其の4:超感激のラブ・メルヘン!「天使のくれた時間」

 映画「天使のくれた時間」は、DVDになった時にようやく観て、不覚にも感激してしまった数少ない一作。主演のニコラス・ケイジには特に興味もなく(ファンの方、失礼!)、ふとタイトルに魅かれて見てみたら(ラブ・メルヘンです)・・・これがもういいのなんのって!!!!!

 
 物語は現代のアメリカ。ウォール街で成功をおさめたニコラス扮する大会社の社長(富と権力しか興味のない嫌な独身男)が、ひょんな事から「かつての恋人を捨てずに、もし結婚していたら?」のifの世界にまぎれこむ。最初はとまどいを覚える主人公だったが、妻(=元カノ)や子供たちと接していく内に<人としての優しさ>を取り戻してゆく・・・。

 
 まず、劇場に行かなかった理由のひとつは監督のブレット・ラトナー!「ラッシュアワー」シリーズの監督に、普通メルヘンは期待しない(笑)。筆者と同じく何と監督自身も、初めにオファーが来た時には全く興味がなかったそうだ。ところが、台本を読んだら超感激!「是非、俺にやらせてくれ!!」と自らプロデューサーにかけあったという(なんていい奴だ・笑)。
 おそらくラトナーが筆者同様、心魅かれたのは元恋人を演じるティア・レオーニの設定!無料で活動する女弁護士にして、あくまでも夫を信じて彼についてゆく、ある意味<男が求める理想の妻>を好演している。この作品以前にも「バッド・ボーイズ(ショーン・ペンのじゃないよ)」や「ディープ・インパクト」等に出ていたが、全く筆者の琴線には触れなかった。ところがこの作品では、それを一気に払拭!!これこそ彼女の真の代表作だ。
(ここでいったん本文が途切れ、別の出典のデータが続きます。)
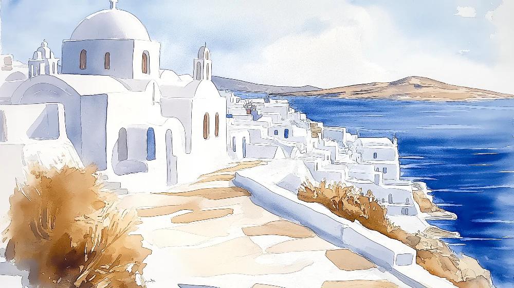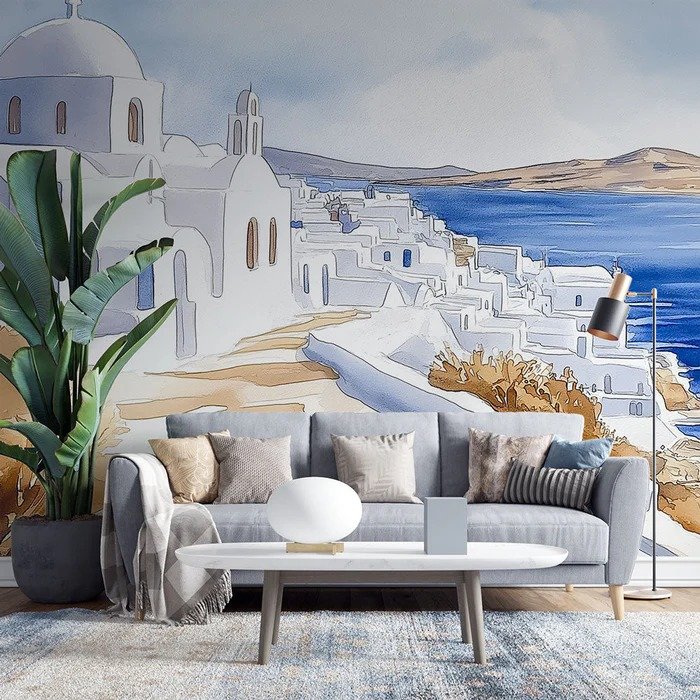 Fotomural en técnica de acuarela que captura la esencia romántica de Santorini, mostrando las casas blancas escalonadas sobre la caldera, el azul intenso del Mar Egeo y las colinas áridas en tonos beige, todo con pinceladas suaves que crean una atmósfera etérea y soñadora.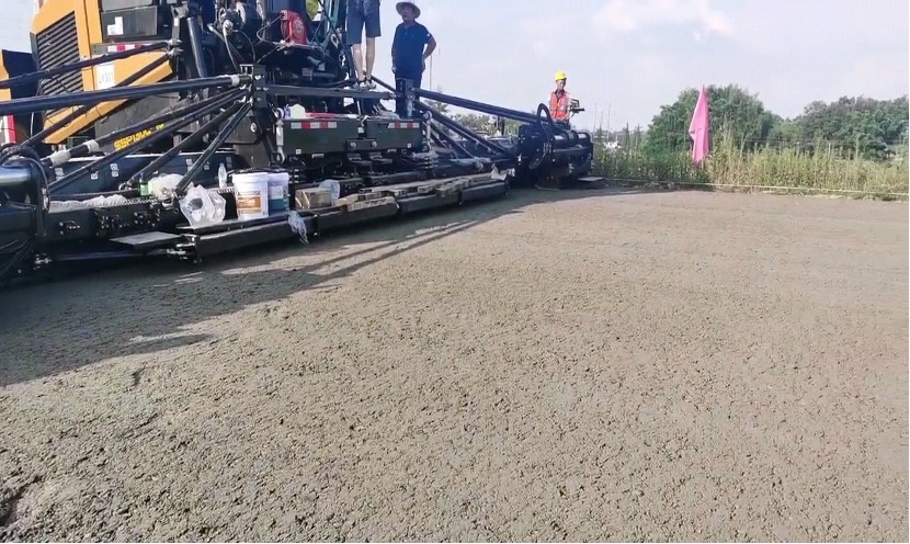 2022年是充满挑战的一年,受疫情因素影响及遭遇百年不遇的高温天气 ,严重耽误了开梁高速的施工进度。为保质量、抓进度,确保2023年7月前后竣工,施工方四川中恒景祥建筑工程有限公司选用三一一整套前场摊铺设备用于开梁高速水稳和沥青摊铺,这套设备中就包含一台三一SSP130C-10大宽度摊铺机。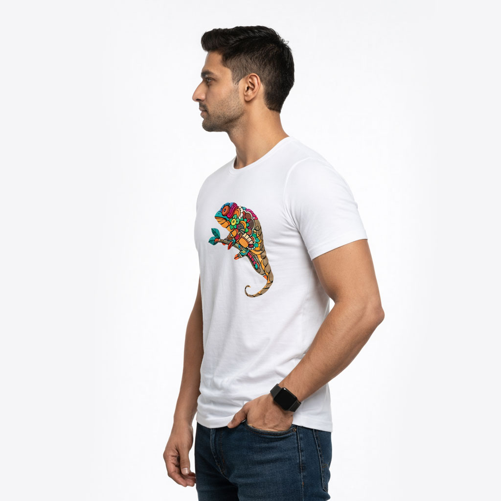 Add a pop of creativity to your everyday style with this Men’s White Chameleon Graphic Printed T-Shirt. Designed for modern men who appreciate art-inspired fashion, this T-shirt features a vibrant chameleon illustration that symbolizes adaptability, uniqueness, and confidence.

この現象は筆者的には「恋しくて」のメアリー・スチュアート・マスターソン以来の快挙(「恋しくて」はまた後日扱います)。

 男(それも結婚適齢期を迎えた)には、過去の恋愛も含めて胸に響く傑作である。しかし、現実は「覆水、盆に返らず」。観て、独り男泣きするしかない(笑)。